Egypt issues presidential election law

Agence France-Presse
Interim Egyptian President Mansour promulgated an election law, for later this year to replace ousted Islamist President Morsi

CAIRO, Egypt – Interim Egyptian President Adly Mansour promulgated March 8, Saturday, a law setting the stage for an election later this year to replace ousted Islamist President Mohamed Morsi.

The election is seen as a major step in a roadmap outlined by the interim authorities after the military deposed Morsi in July.

Army chief Abdel Fattah al-Sisi, who has emerged as Egypt’s most popular political figure, has not yet announced his candidacy but aides say he has decided to stand.

Officials close to Sisi told Agence France-Presse that he would step down as defence minister after the law was promulgated.

The law sets out the basic qualifications for candidacy and includes a measure criticised in some quarters that make all decisions by the electoral committee before and after the vote final and not subject to appeal.

With the adoption of the law, the electoral committee can now set a date for the election scheduled for this spring, presidential adviser for constitutional matters Ali Awad told a press conference.

It stipulates that presidential candidates be university graduates at least 40 years of age who have completed their military service and have Egyptian parents.

It bans any candidates who have themselves acquired a foreign nationality, or whose parents or spouse have.

It also stipulates that candidates need to secure the signatures of 25,000 voters from 15 provinces to qualify.

And it sets a 20 million Egyptian pounds (US$2.8 million) ceiling for campaign spending ahead of the first round and five million pounds in case of a run-off.

New constitution

In January, voters approved by 98.1 percent a new constitution that grants the military extensive powers but lacks much of the Islamist-inspired wording of the 2012 charter adopted under Morsi.

Under the charter, Egypt is to start procedures for parliamentary elections within six months of its adoption.

The decision to ban appeals was taken, in part, to speed up the electoral process given “the nature of the transitional period the country is going through and the security and economic crisis,” Awad added.

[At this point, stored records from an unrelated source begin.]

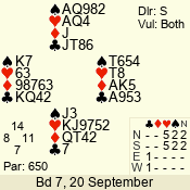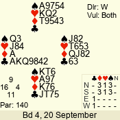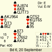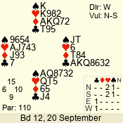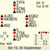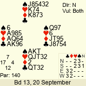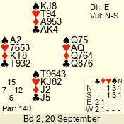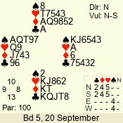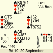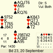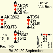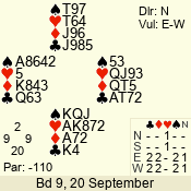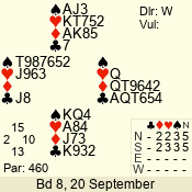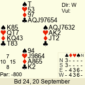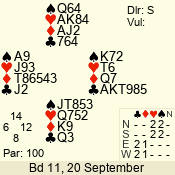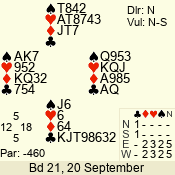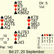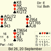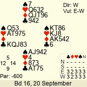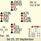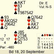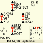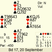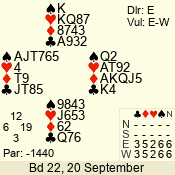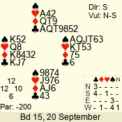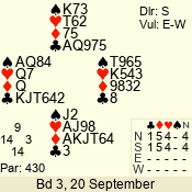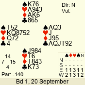 | 3 NT | E | +1 | -430 | 3 | 09 - 05 | 3 | 4 |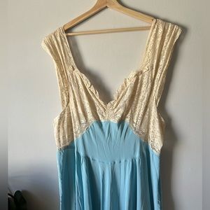 1940’s PLUS SIZE Joy Lingerie Co. Blue Satin Cream Lace Maxi Slip Dressing Gown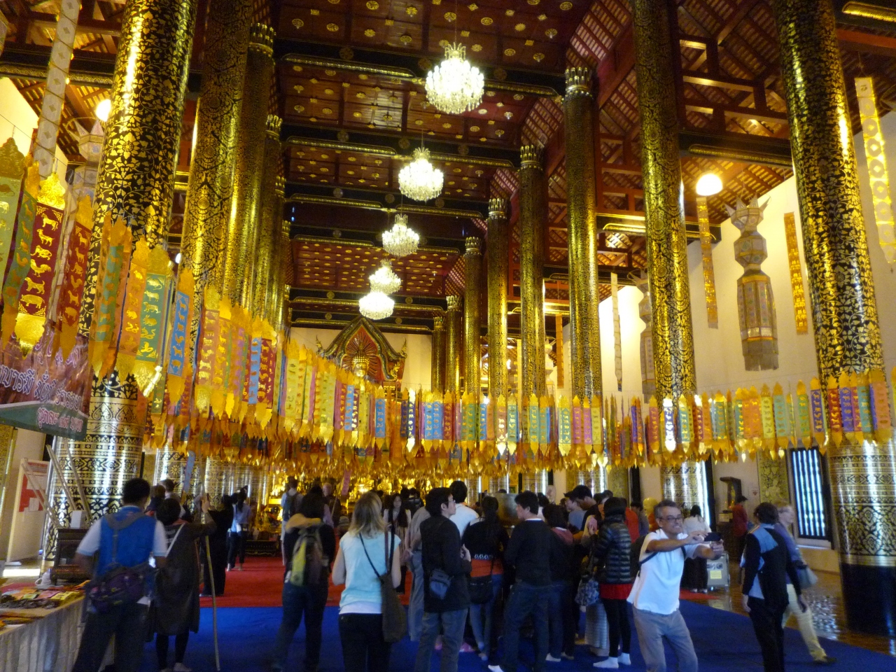 年末12月31日に行きましたが、寺院の中には、日本でいうと絵馬のようなものを沢山ぶら下げていました。20バーツだったかな、払えばその場で願い事?を書いて、ぶら下げられます。寺院も仏像も見事ですが、裏手には超巨大な仏塔跡があり、こちらも見所ですが、登れないのがちょっと残念です。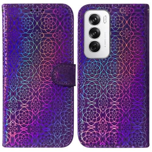 Para Oppo Reno12 5G Global Funda de Teléfono de Cuero con Hebilla Magnética Colorida (Púrpura)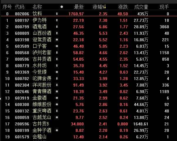 當(dāng)然,小編似乎跑題了,還是回歸白酒板塊,在眾目睽睽之下,也的確不負(fù)眾望。截止收盤,飲料行業(yè)漲幅居前,伊力特(600197) 、酒鬼酒(000799)、山西汾酒(600809) 、口子窖等漲逾5%;瀘州老窖(000568) 、水井坊(600779) 、古井貢酒(000596) 等都有不同程度漲幅。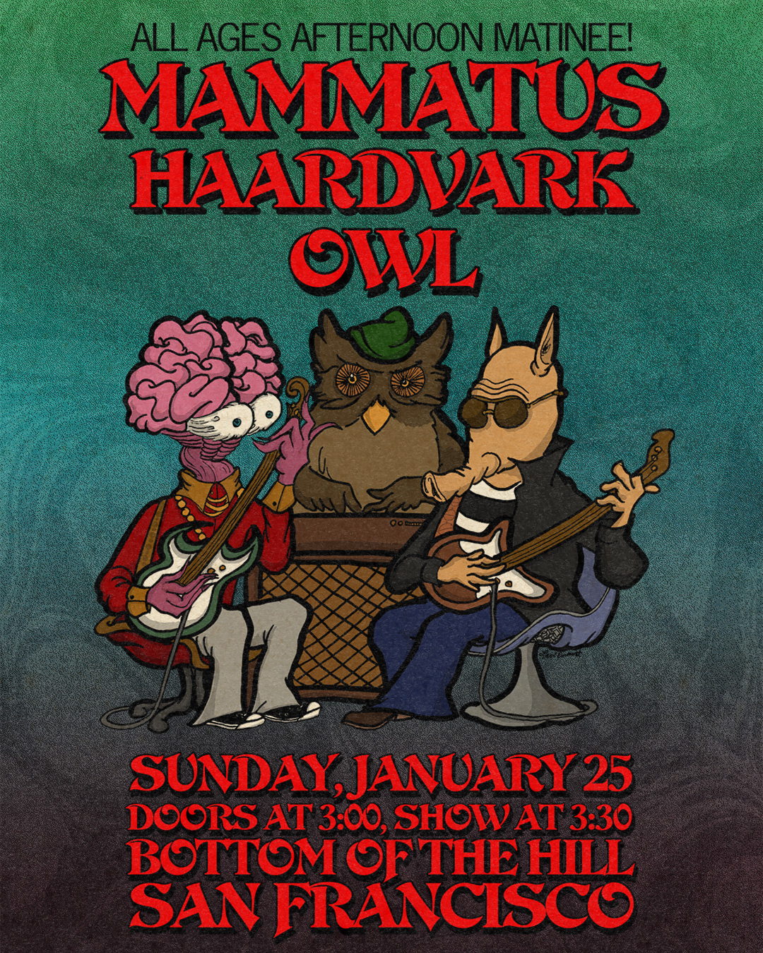 Sunday January 25 2026 3:00PM doors -- music at 3:30PM ••• ALL AGES $15 in advance / $18 at the door Mammatus psychedelic rock stoner rock Haardvark rock n' roll Owl 70's metal stoner rock |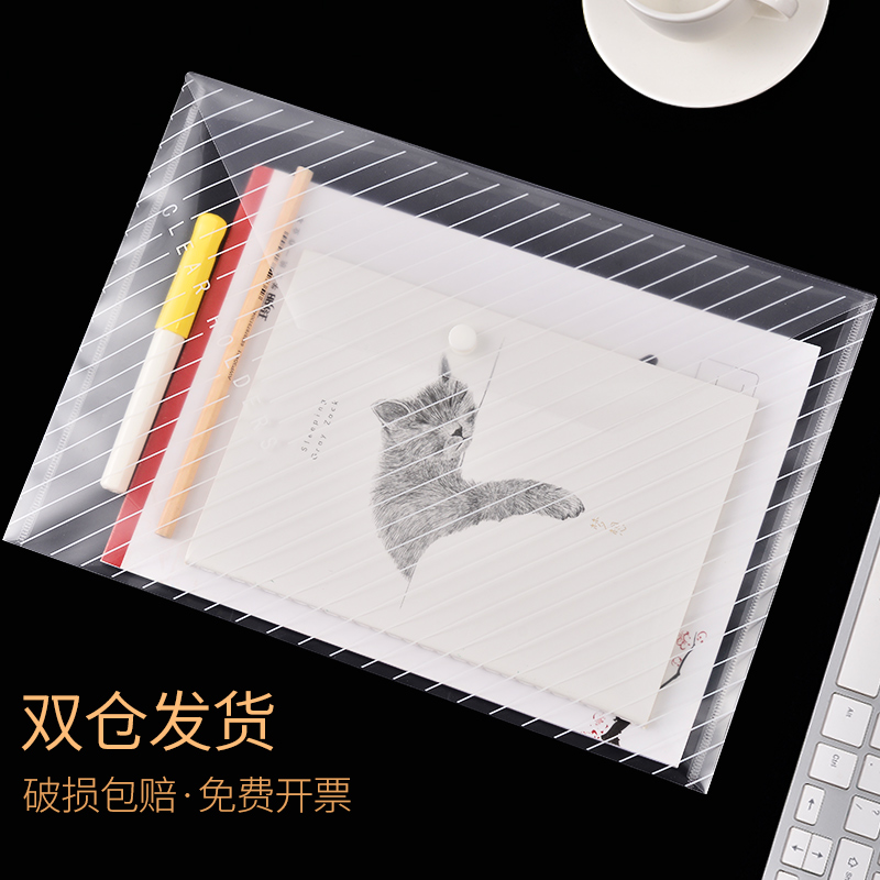 100 a4 File Bags Thickened Large Capacity Transparent Plastic Press Buckle Bag Students Use Cashier Bag Waterproof Archive Bag Bill Kit Business Office Department Store Stationery Bag Wholesale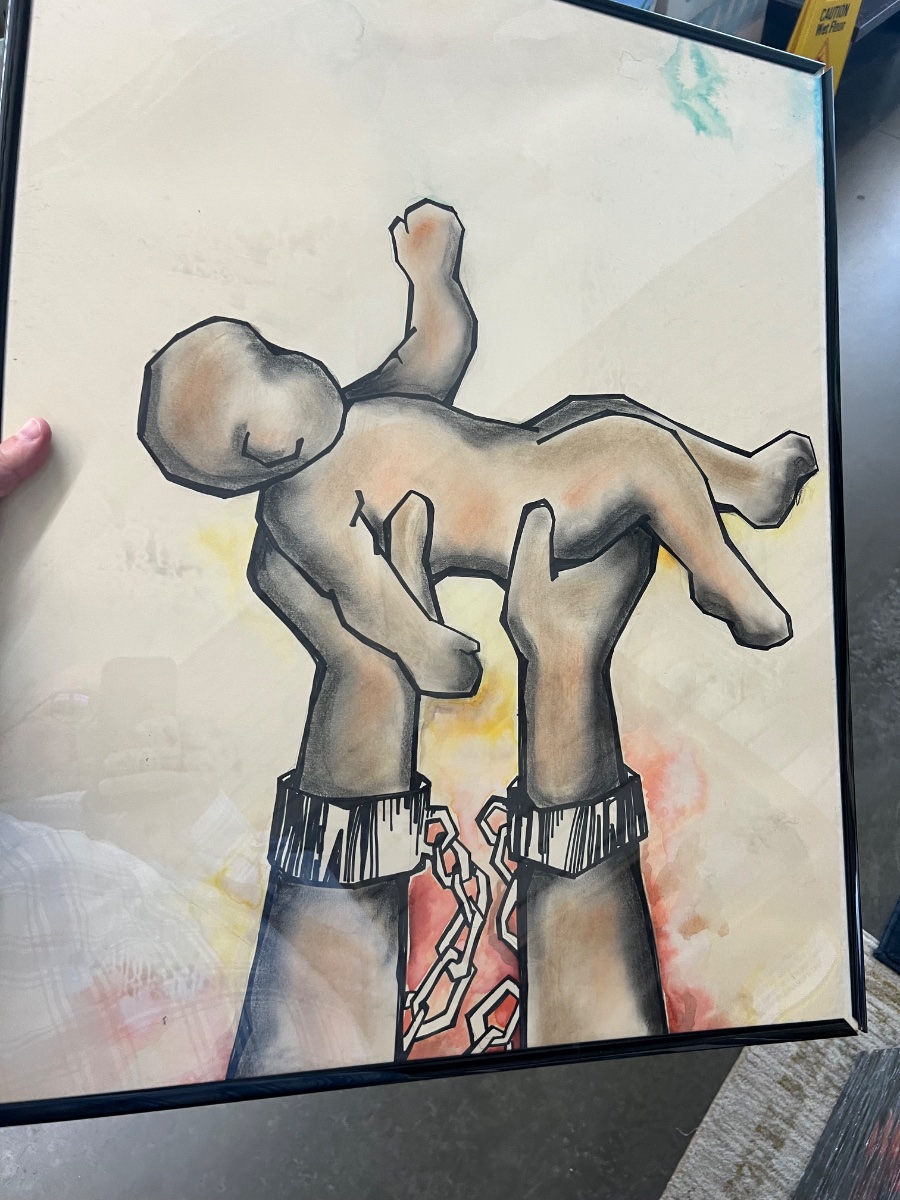 A powerful mixed-media work on paper depicting shackled hands breaking free to lift a newborn child toward the light.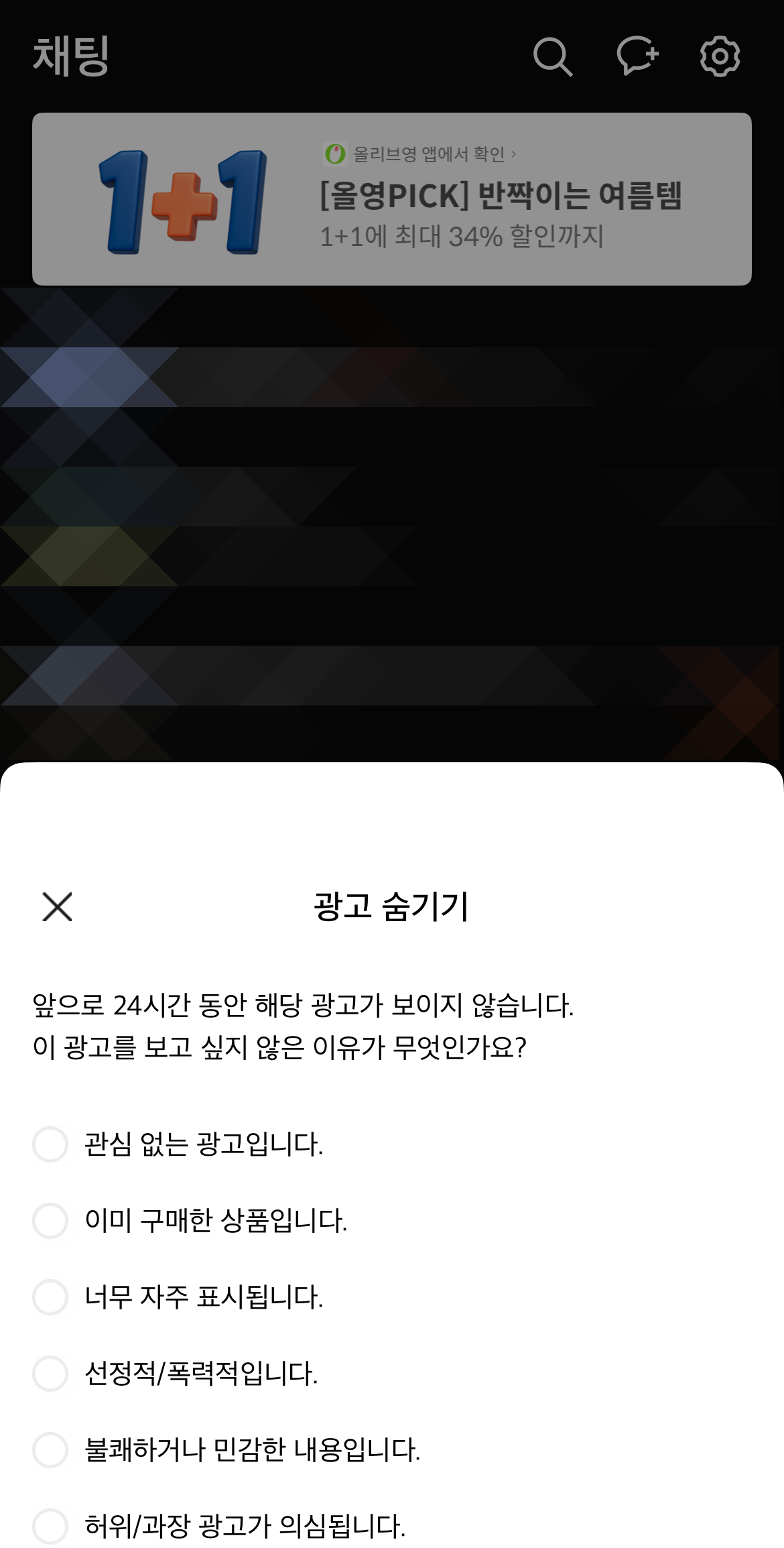 카톡 배너 광고 차단하는 방법은 있지만 없다. 채팅방 가장 위에는 항상 광고가 나오는 것을 볼 수 있다. 이 광고를 왼쪽으로 스와이프 하면 광고를 숨길 수 있는데 현재 나와있던 해당 광고만 24시간 보이지 않게 되며 사라진다. 하지만 다른 광고가 계속해서 나오니 카톡 상단 배너 광고를 아예 삭제하는 방법은 아직까지는 없는 것 같다.

More than seven months after Morsi’s overthrow, Egypt remains battered by protests and militant attacks that have damaged its vital tourism industry and scared off investors.

Many Egyptians, weary of the three years of turmoil since the 2011 toppling of strongman Hosni Mubarak, view Sisi as a strong hand who can restore stability.

But the ban on appealing electoral committee decisions has already drawn criticism.

Emad Hamdy, is a spokesman for the leftist Popular Current, whose leader Hamdeen Sabahi has already announced his candidacy.

“The ban gives negative signals regarding the transparency of the election,” Hamdy said.

He added that “the president issued the decree without submitting it to a public debate… and political forces haven not seen it until now.”